* [Data extract]
===============
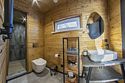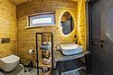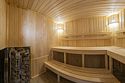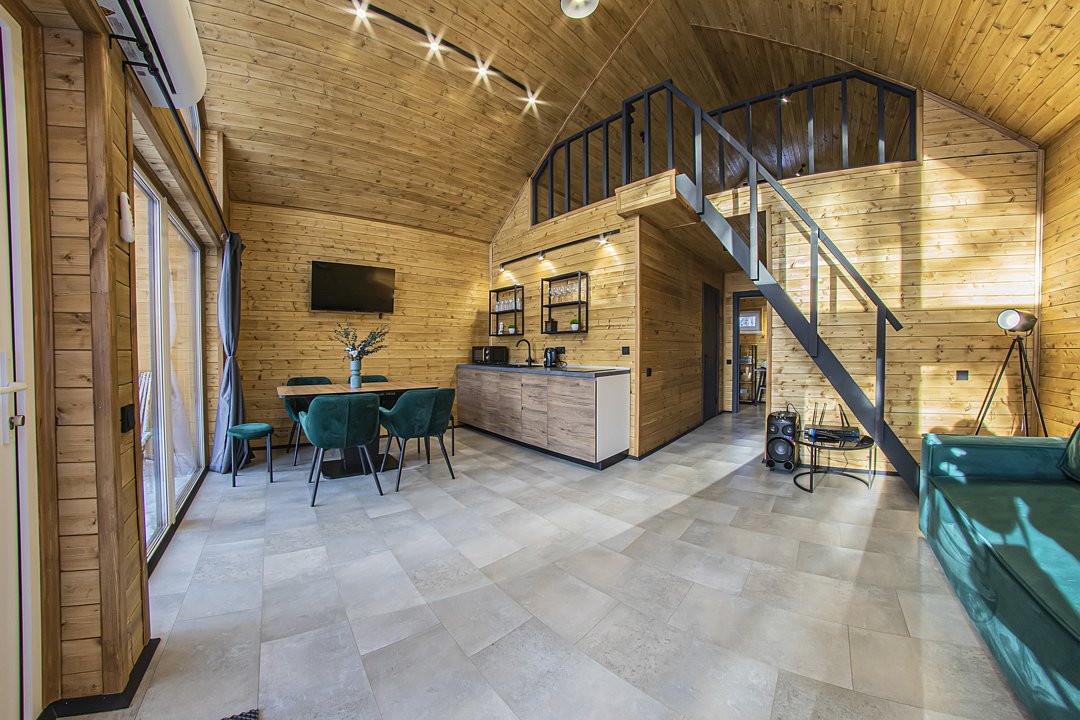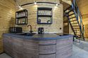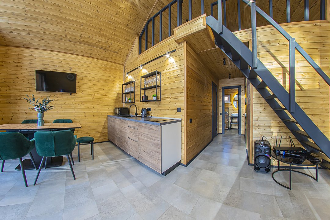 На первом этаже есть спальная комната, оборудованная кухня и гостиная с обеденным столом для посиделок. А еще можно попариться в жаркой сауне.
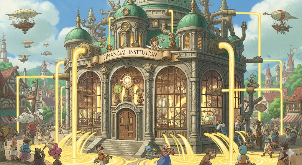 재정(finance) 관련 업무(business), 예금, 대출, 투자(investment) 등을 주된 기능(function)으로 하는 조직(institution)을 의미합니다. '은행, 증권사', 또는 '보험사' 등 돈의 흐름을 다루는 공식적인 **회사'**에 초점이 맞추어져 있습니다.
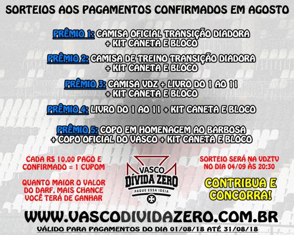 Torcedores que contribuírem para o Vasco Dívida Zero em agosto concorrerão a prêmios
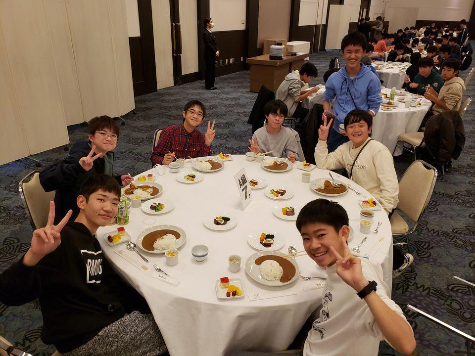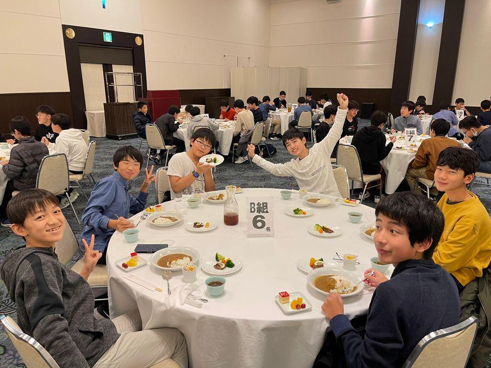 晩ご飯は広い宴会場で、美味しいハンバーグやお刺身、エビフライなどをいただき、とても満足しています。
===============
* [Exercise objective] Final stretch of the data: repeat exactly each line from the one containing "Torcedores que contribuírem" through the last, and omit all pictures.

* [Response to the task]
 Torcedores que contribuírem para o Vasco Dívida Zero em agosto concorrerão a prêmios
 晩ご飯は広い宴会場で、美味しいハンバーグやお刺身、エビフライなどをいただき、とても満足しています。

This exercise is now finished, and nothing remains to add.